- **Required work**
Apart from the pictures, every part of the records below gets retyped exactly.

- **Data to examine**
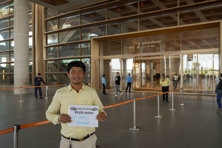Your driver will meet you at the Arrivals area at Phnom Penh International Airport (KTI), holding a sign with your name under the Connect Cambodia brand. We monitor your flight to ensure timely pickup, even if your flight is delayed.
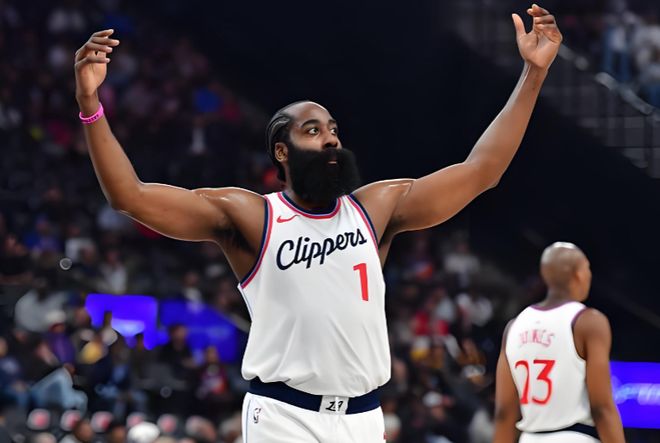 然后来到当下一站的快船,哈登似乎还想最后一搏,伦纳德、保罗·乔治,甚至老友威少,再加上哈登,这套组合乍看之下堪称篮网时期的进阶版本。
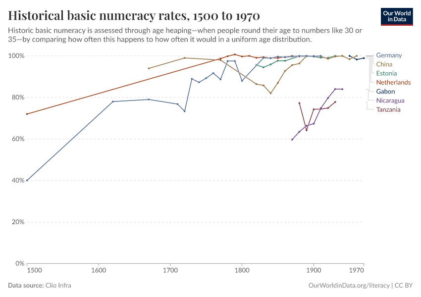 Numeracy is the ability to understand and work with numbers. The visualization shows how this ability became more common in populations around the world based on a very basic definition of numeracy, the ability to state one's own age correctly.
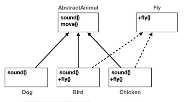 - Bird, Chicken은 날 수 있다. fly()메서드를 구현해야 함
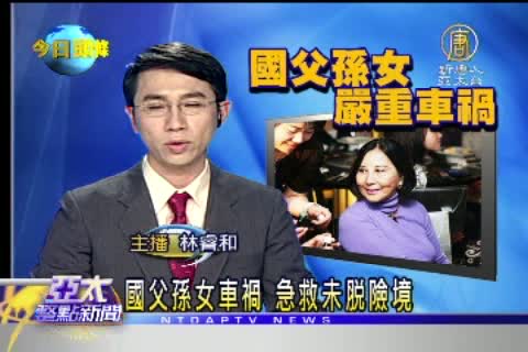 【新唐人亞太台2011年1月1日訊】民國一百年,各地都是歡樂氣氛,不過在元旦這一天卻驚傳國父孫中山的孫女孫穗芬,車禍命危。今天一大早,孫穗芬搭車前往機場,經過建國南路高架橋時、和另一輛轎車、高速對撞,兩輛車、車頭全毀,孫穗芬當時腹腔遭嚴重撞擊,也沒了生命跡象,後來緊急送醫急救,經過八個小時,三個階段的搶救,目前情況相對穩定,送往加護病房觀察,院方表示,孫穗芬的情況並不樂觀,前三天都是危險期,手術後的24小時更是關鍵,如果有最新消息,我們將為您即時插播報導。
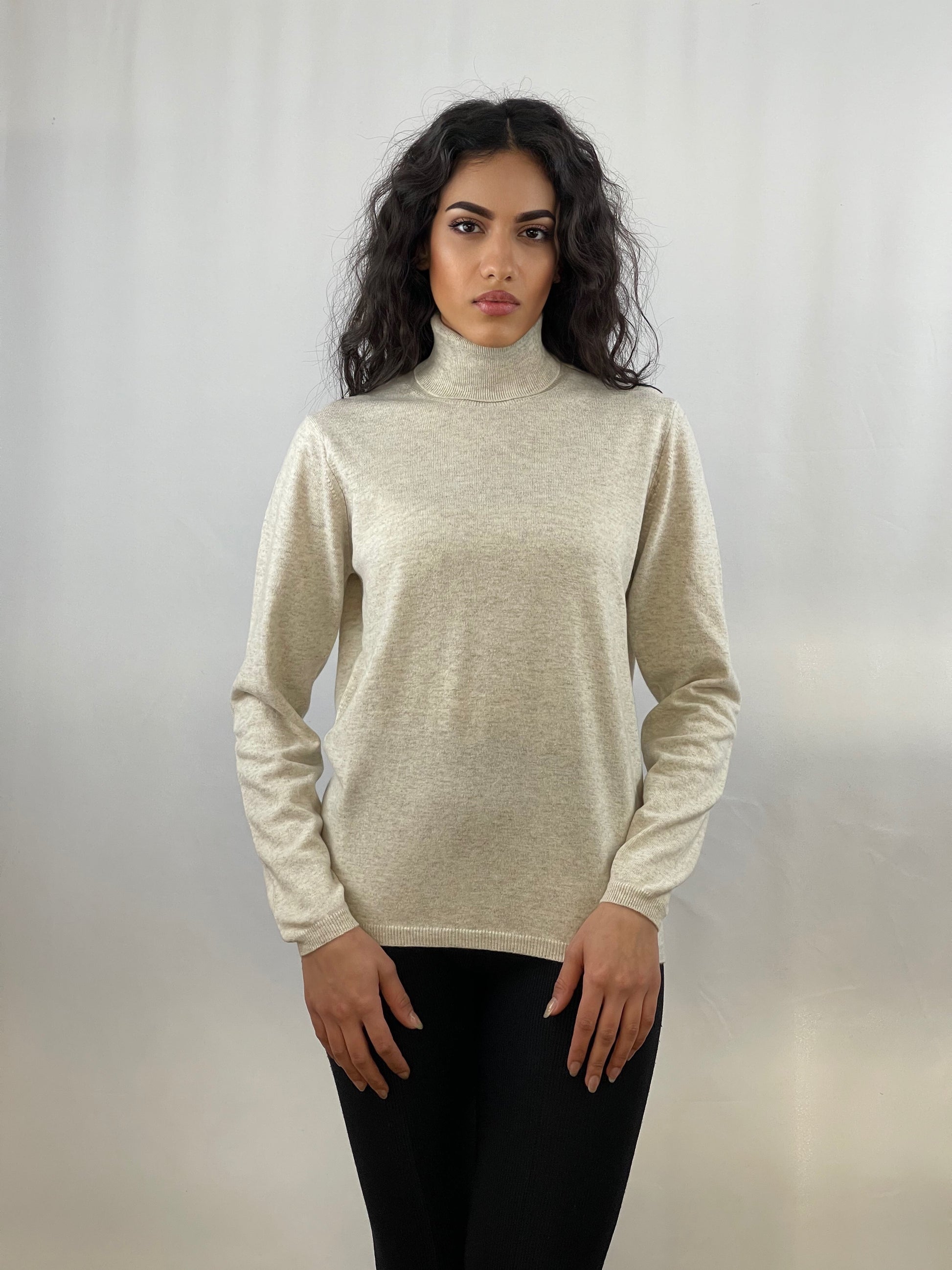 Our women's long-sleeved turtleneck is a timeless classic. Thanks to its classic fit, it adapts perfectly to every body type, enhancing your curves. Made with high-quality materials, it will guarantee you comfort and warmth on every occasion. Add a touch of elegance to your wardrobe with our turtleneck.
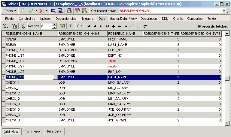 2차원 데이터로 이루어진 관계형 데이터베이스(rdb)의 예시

- **Written answer**
Your driver will meet you at the Arrivals area at Phnom Penh International Airport (KTI), holding a sign with your name under the Connect Cambodia brand. We monitor your flight to ensure timely pickup, even if your flight is delayed.
 然后来到当下一站的快船,哈登似乎还想最后一搏,伦纳德、保罗·乔治,甚至老友威少,再加上哈登,这套组合乍看之下堪称篮网时期的进阶版本。
 Numeracy is the ability to understand and work with numbers. The visualization shows how this ability became more common in populations around the world based on a very basic definition of numeracy, the ability to state one's own age correctly.
 - Bird, Chicken은 날 수 있다. fly()메서드를 구현해야 함
 【新唐人亞太台2011年1月1日訊】民國一百年,各地都是歡樂氣氛,不過在元旦這一天卻驚傳國父孫中山的孫女孫穗芬,車禍命危。今天一大早,孫穗芬搭車前往機場,經過建國南路高架橋時、和另一輛轎車、高速對撞,兩輛車、車頭全毀,孫穗芬當時腹腔遭嚴重撞擊,也沒了生命跡象,後來緊急送醫急救,經過八個小時,三個階段的搶救,目前情況相對穩定,送往加護病房觀察,院方表示,孫穗芬的情況並不樂觀,前三天都是危險期,手術後的24小時更是關鍵,如果有最新消息,我們將為您即時插播報導。
 Our women's long-sleeved turtleneck is a timeless classic. Thanks to its classic fit, it adapts perfectly to every body type, enhancing your curves. Made with high-quality materials, it will guarantee you comfort and warmth on every occasion. Add a touch of elegance to your wardrobe with our turtleneck.
 2차원 데이터로 이루어진 관계형 데이터베이스(rdb)의 예시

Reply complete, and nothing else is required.